**** Data for analysis ****

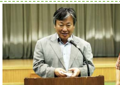
소설가 이문열 사백
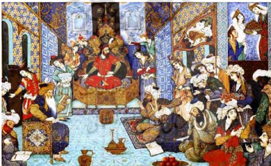
تصویر ۶: نگاره پادشاه در قابوسنامه.

عنصرالمعالی و سعدی به جهت اهمیت این امر، یکی از وظایف مهم حاکمان را تأمین معیشت لشکریان می‌دانند تا در زمان حادثه از بذل جان دریغ ندارند و صحنه را خالی نگذارند. «... لشکر خویش را همیشه دل خوش‌دار، اگر خواهی که جان از تو دریغ ندارند، تو نان از ایشان دریغ مدار» (عنصرالمعالی، ۱۳۹۰: ۲۲۶). سعدی نیز یکی از پادشاهان پیشین را حکایت می‌کند که در مملکت‌داری سستس داشت: «یکی از پادشاهان پیشین در رعایت مملکت سستی کردی و لشکر به‌سختی داشتی. لاجرم دشمنی صعب روی نمود، همه پشت دادند» (سعدی، ۱۳۷۷: ۶۸). البته عنصرالمعالی در سطوری مجزا برخی از آداب و مهارت‌های مهم نظامی و کارزار را بیان می‌دارد که در نوع خود قابل توجه است (عنصرالمعالی، ۱۳۹۰: ۲۲۶-۲۲۳). در تصویر زیر که مربوط به قابوسنامه است سلطان محمود غزنوی در کنار درباریان به تصویر کشیده شده است و نوعی گفتگو در مجلس جریان دارد.
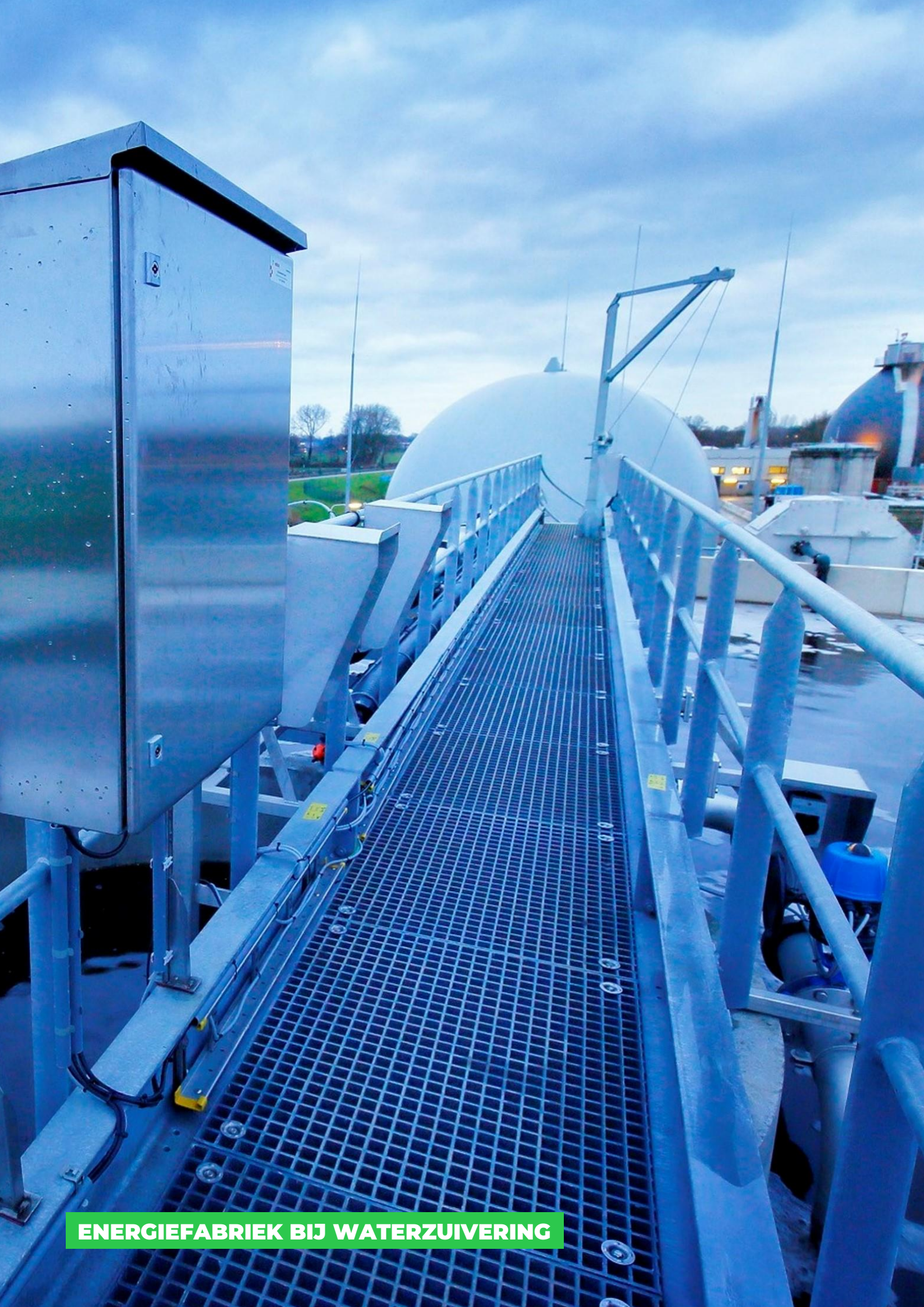
ENERGIEFABRIEK BIJ WATERZUIVERING
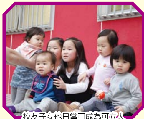
校友子女他日當可成為可立人
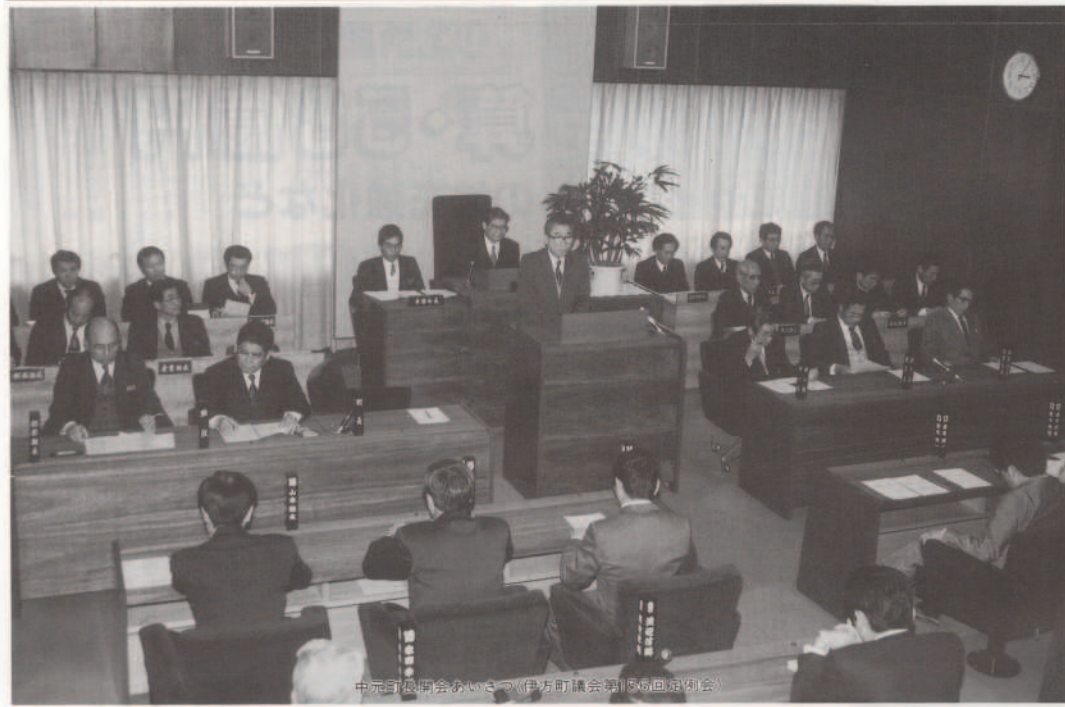
中元町長開会あいさつ(伊方町議会第156回定例会)
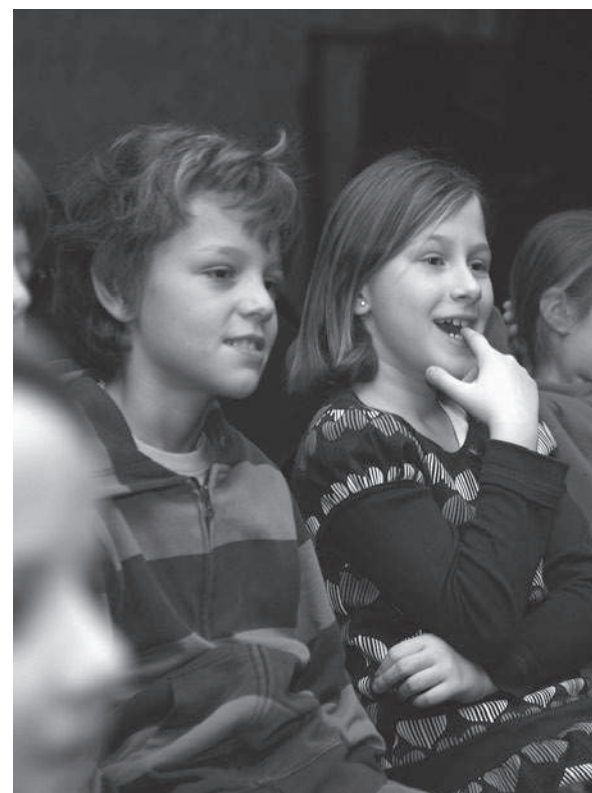
«Premierenklasse» Theater Stadelhofen

Das Referat entstand für das Steps-Symposium Kulturvermittlung «Zwang zum Glück?» vom 15. April 2008 in Zürich. Das Referat wurde für den Abdruck aus Platzgründen von der Redaktion massgeblich gekürzt.
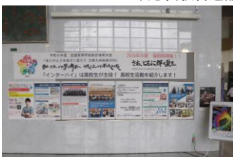
▲令和6年度全国高等学校 総合体育大会展示物
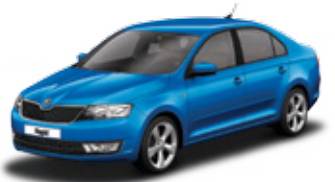
Race Blue metallic - X8
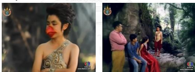
ภาพตรีสวี ในละครเรื่อง มณีแดนสรวง ตรีสวี ทางช่อง 3

ตรีสวี ในละครเรื่อง มณีแดนสรวง ตรีสวี เป็น ลูกครุฑน้อย หรือเด็กชายอายุประมาณ ๗ ขวบ ฉลาดเฉลียว ช่างพูดช่างเจรจา มีความรู้เรื่องป่าหิมพานต์มาก กำลังเดินทางกลับไปยังเมืองฉิมพลี แต่มีอุบัติเหตุบาดเจ็บบริเวณปีกเสียก่อน ทำให้ได้มาพบกับนางฟ้าหรือรัศมีชโลธร(นางเอก) และสการ(พระเอก) และเป็นผู้ช่วยของสการ(พระเอก) เวลาที่ไปตามหารัศมีชโลธรจนกระทั่งพบในที่ที่สุด และสามารถช่วยชีวิตรัศมีชโลธรได้ด้วย นางเอกยังขอร้องให้ช่วยตามหาเหล่าอสูรและ ช่วยนำทางพระเอกนางเอกไปหาอสูรได้อีกด้วย
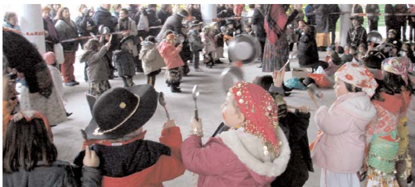
Sasoeta-Zumaburukoek kaldereroak ospatu zituzten.

L auteriei ongi etorria ematen lehenak haurrak izan ziren ostiral arratsaldean. Herriko ikastetxeetan, urtero bezala, jaialdi politik antolatu zituzten.
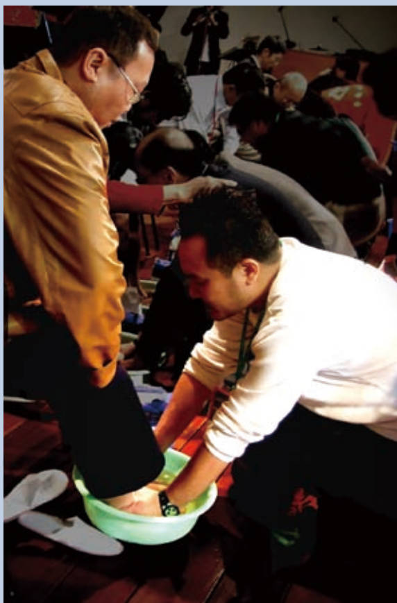
▲ 透過洗腳，使彼此在愛中合一。

我們正處在關鍵時刻，要得著聖靈的大能和恩膏，預備榮耀君王的再來。
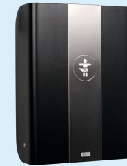
KAWAmax & KAWAmidi
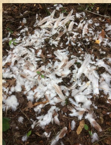
Foto : plukplaats van een geslagen duif. Koepelweg Herperduin. In Berghem zijn nog veel duivenhouders
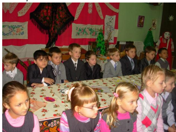
1 «Б» класс
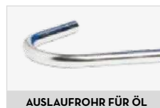
AUSLAUFROHR FÜR ÖL
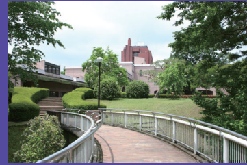
国立女性教育会館 本館棟

設立以来30年以上にわたり、NWECでは、研修・交流・調査研究・情報の各事業を実施してまいりました。
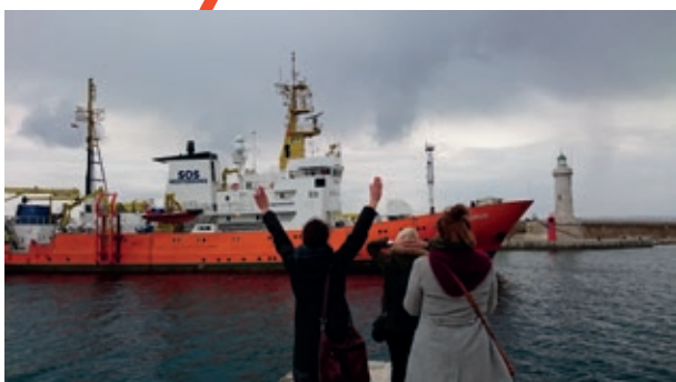
L'Aquarius entre au port de Marseille sous le regard médusé de quelques bénévoles.

****

Copy every line above word for word and exclude the pictures.

▶ Final answer
소설가 이문열 사백
تصویر ۶: نگاره پادشاه در قابوسنامه.

عنصرالمعالی و سعدی به جهت اهمیت این امر، یکی از وظایف مهم حاکمان را تأمین معیشت لشکریان می‌دانند تا در زمان حادثه از بذل جان دریغ ندارند و صحنه را خالی نگذارند. «... لشکر خویش را همیشه دل خوش‌دار، اگر خواهی که جان از تو دریغ ندارند، تو نان از ایشان دریغ مدار» (عنصرالمعالی، ۱۳۹۰: ۲۲۶). سعدی نیز یکی از پادشاهان پیشین را حکایت می‌کند که در مملکت‌داری سستس داشت: «یکی از پادشاهان پیشین در رعایت مملکت سستی کردی و لشکر به‌سختی داشتی. لاجرم دشمنی صعب روی نمود، همه پشت دادند» (سعدی، ۱۳۷۷: ۶۸). البته عنصرالمعالی در سطوری مجزا برخی از آداب و مهارت‌های مهم نظامی و کارزار را بیان می‌دارد که در نوع خود قابل توجه است (عنصرالمعالی، ۱۳۹۰: ۲۲۶-۲۲۳). در تصویر زیر که مربوط به قابوسنامه است سلطان محمود غزنوی در کنار درباریان به تصویر کشیده شده است و نوعی گفتگو در مجلس جریان دارد.
ENERGIEFABRIEK BIJ WATERZUIVERING
校友子女他日當可成為可立人
中元町長開会あいさつ(伊方町議会第156回定例会)
«Premierenklasse» Theater Stadelhofen

Das Referat entstand für das Steps-Symposium Kulturvermittlung «Zwang zum Glück?» vom 15. April 2008 in Zürich. Das Referat wurde für den Abdruck aus Platzgründen von der Redaktion massgeblich gekürzt.
▲令和6年度全国高等学校 総合体育大会展示物
Race Blue metallic - X8
ภาพตรีสวี ในละครเรื่อง มณีแดนสรวง ตรีสวี ทางช่อง 3

ตรีสวี ในละครเรื่อง มณีแดนสรวง ตรีสวี เป็น ลูกครุฑน้อย หรือเด็กชายอายุประมาณ ๗ ขวบ ฉลาดเฉลียว ช่างพูดช่างเจรจา มีความรู้เรื่องป่าหิมพานต์มาก กำลังเดินทางกลับไปยังเมืองฉิมพลี แต่มีอุบัติเหตุบาดเจ็บบริเวณปีกเสียก่อน ทำให้ได้มาพบกับนางฟ้าหรือรัศมีชโลธร(นางเอก) และสการ(พระเอก) และเป็นผู้ช่วยของสการ(พระเอก) เวลาที่ไปตามหารัศมีชโลธรจนกระทั่งพบในที่ที่สุด และสามารถช่วยชีวิตรัศมีชโลธรได้ด้วย นางเอกยังขอร้องให้ช่วยตามหาเหล่าอสูรและ ช่วยนำทางพระเอกนางเอกไปหาอสูรได้อีกด้วย
Sasoeta-Zumaburukoek kaldereroak ospatu zituzten.

L auteriei ongi etorria ematen lehenak haurrak izan ziren ostiral arratsaldean. Herriko ikastetxeetan, urtero bezala, jaialdi politik antolatu zituzten.
▲ 透過洗腳，使彼此在愛中合一。

我們正處在關鍵時刻，要得著聖靈的大能和恩膏，預備榮耀君王的再來。
KAWAmax & KAWAmidi
Foto : plukplaats van een geslagen duif. Koepelweg Herperduin. In Berghem zijn nog veel duivenhouders
1 «Б» класс
AUSLAUFROHR FÜR ÖL
国立女性教育会館 本館棟

設立以来30年以上にわたり、NWECでは、研修・交流・調査研究・情報の各事業を実施してまいりました。
L'Aquarius entre au port de Marseille sous le regard médusé de quelques bénévoles.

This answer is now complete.